Lantas, apa yang bisa dilakukan seorang calon pengusaha untuk mengukur potensi pasar atas peluang yang dilihatnya? Potensi pasar dapat dianalisis melalui pendekatan permintaan dan penawaran dan dengan membatasi jangkauan pasar.
a) Pendekatan Permintaan
Pendekatan permintaan menekankan tentang kebutuhan manusia yang sampai sekarang belum sepenuhnya terpenuhi atau kemungkinan sudah terpenuhi namun kurang memuaskan. Misalnya, masyarakat di wilayah pedesaan banyak yang pergi ke kota untuk belanja pakaian. Artinya, golongan masyarakat tersebut membutuhkan pakaian sesuai dengan selera mereka yang tidak dapat diperoleh di desa atau mungkin dapat diperoleh di desa, tetapi harganya terlalu mahal. Jadi, di desa ini terdapat peluang usaha untuk menyediakan pakaian sesuai kebutuhan masyarakat desa. Begitupula dengan tempat hiburan yang belum sepenuhnya dapat dinikmati oleh masyarakat di pedesaan.

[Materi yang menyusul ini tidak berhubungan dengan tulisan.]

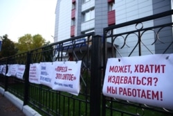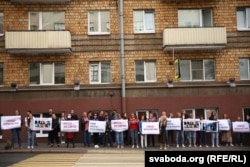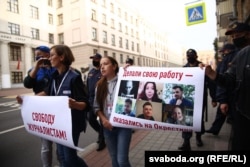 «Прэса — гэта сьвятое. Юры Караеў», «Свабоду журналістам», «Рабілі сваю працу — апынуліся на Акрэсьціна» — з такімі плякатамі прысутныя журналісты Tut.by, «Онлайнеру», «БелаПАН», «Нашай нівы» і іншых мэдыя сталі насупраць будынку МУС.
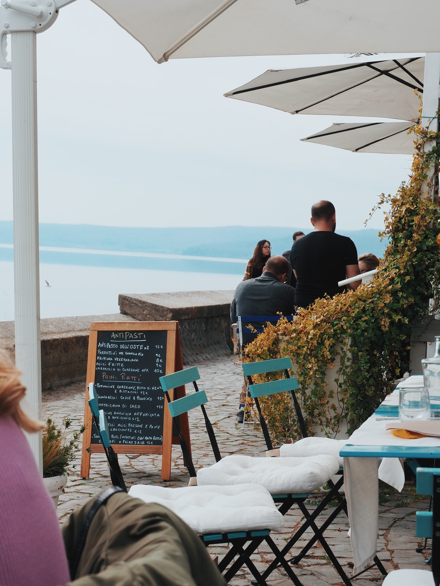 Trevignano Romanon rantaviiva on täynnä kauniita ravintoloita. Monet ravintolat ovat paikallisia perheravintoloita joissa hyödynnettiin sesongin tarjontaa. Viikonloppuna ravintolat olivat täynnä paikallisia. Maanantaina koko kylä hiljeni. Sää maaliskuussa oli päivällä +15-19-asteen paikkeilla. Aurinko lämmitti etenkin keskipäivällä ja lounasta sai nauttia aurinkoisessa säässä ihan topissa.
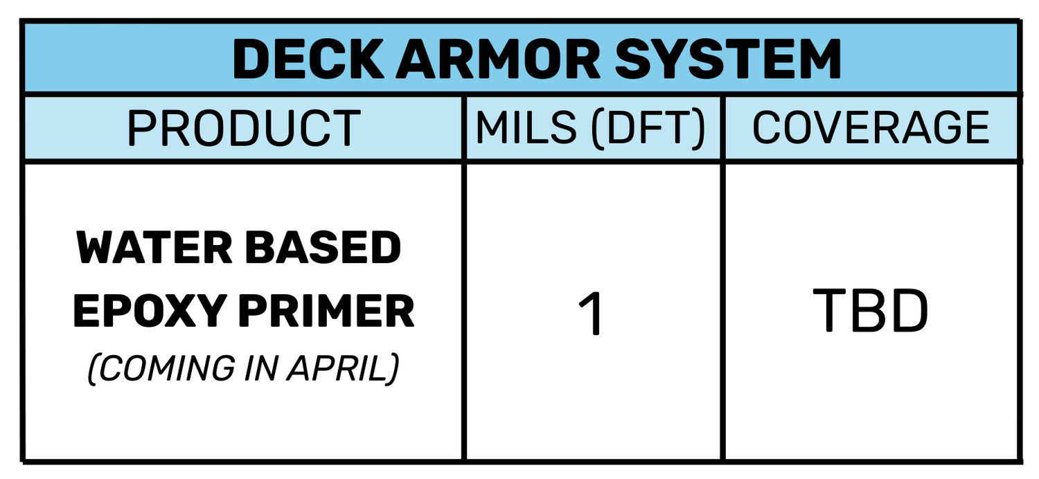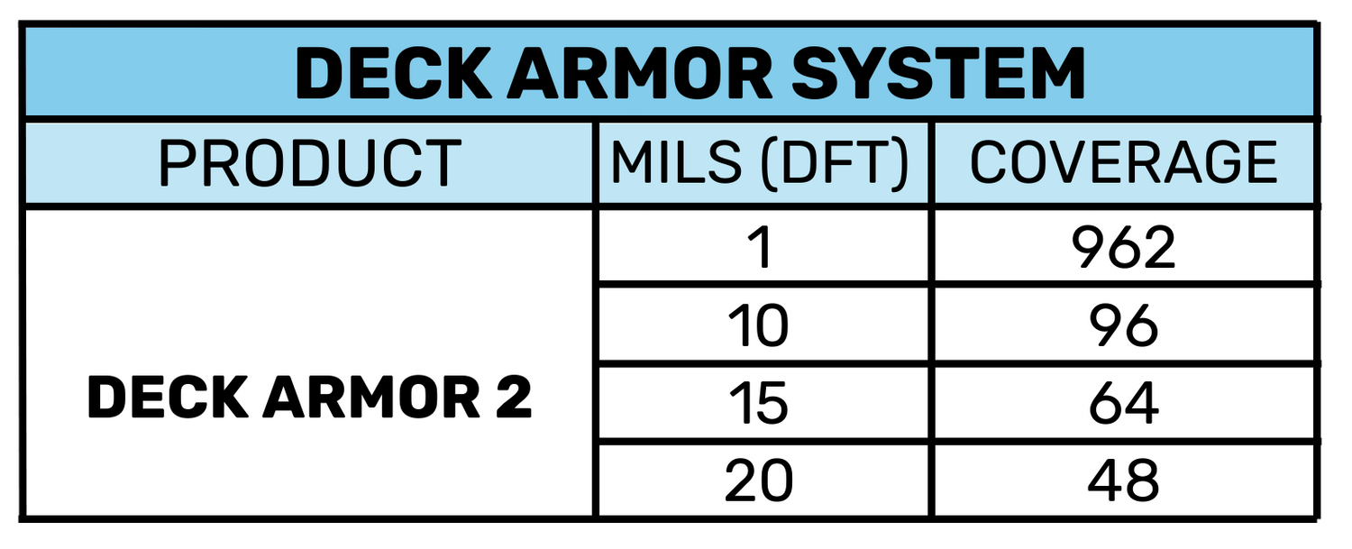 THE DECK ARMOR SYSTEM REQUIRES TO BE APPLIED IN TWO COATS.THE FIRST COAT CAN BE APPLIED 10-15 MILS AND IS DESIGNED TO PROVIDE A UNIFORM BASE. THE FINAL TEXTURED COAT SHOULD BE APPLIED AT A MINIMUM OF 20 MILS DEPENDING ON THE DEGREE OF TEXTURE NEEDED.

Melalui pendekatan permintaan Anda dapat mengetahui jumlah permintaan terhadap produk/jasa yang meliputi : Sasaran pembeli/konsumen, Jumlah konsumen, Jumlah kebutuhan, Total kebutuhan pertahun.
b) Pendekatan Penawaran
Pendekatan penawaran berawal dari kemampuan wirausaha dalam membuat suatu produk/barang, memberikan pelayanan jasa atau gabungan dari keduanya. Dari sini barulah mulai mencari adakah pasarnya atau orang-orang yang membutuhkannya. Misalnya, seorang wirausaha memproduksi genteng dengan kualitas yang bersaing. Dengan kualitas genteng yang bersaing tersebut, lalu apakah berarti para calon konsumen, developer, pemborong pembangunan rumah dan sebagainya kira-kira berminat membeli, sebab harga genteng produksi wirausaha ternyata lebih mahal dibandingkan genteng dengan kualitas yang sama di pasaran saat ini. Apakah konsumen mempunyai daya beli berminat untuk membeli genteng yang lebih mahal dengan kualitas sama atau membeli genteng yang harganya sama dengan kualitas yang baik. Begitupun kalau Anda ingin membuka toko kue, salon kecantikan, usaha pijat dan usaha lainnya.
Melalui pendekatan penawaran wirausaha juga dapat mengidentifikasi banyaknya pesaing yang membuat produk/jasa yang sama.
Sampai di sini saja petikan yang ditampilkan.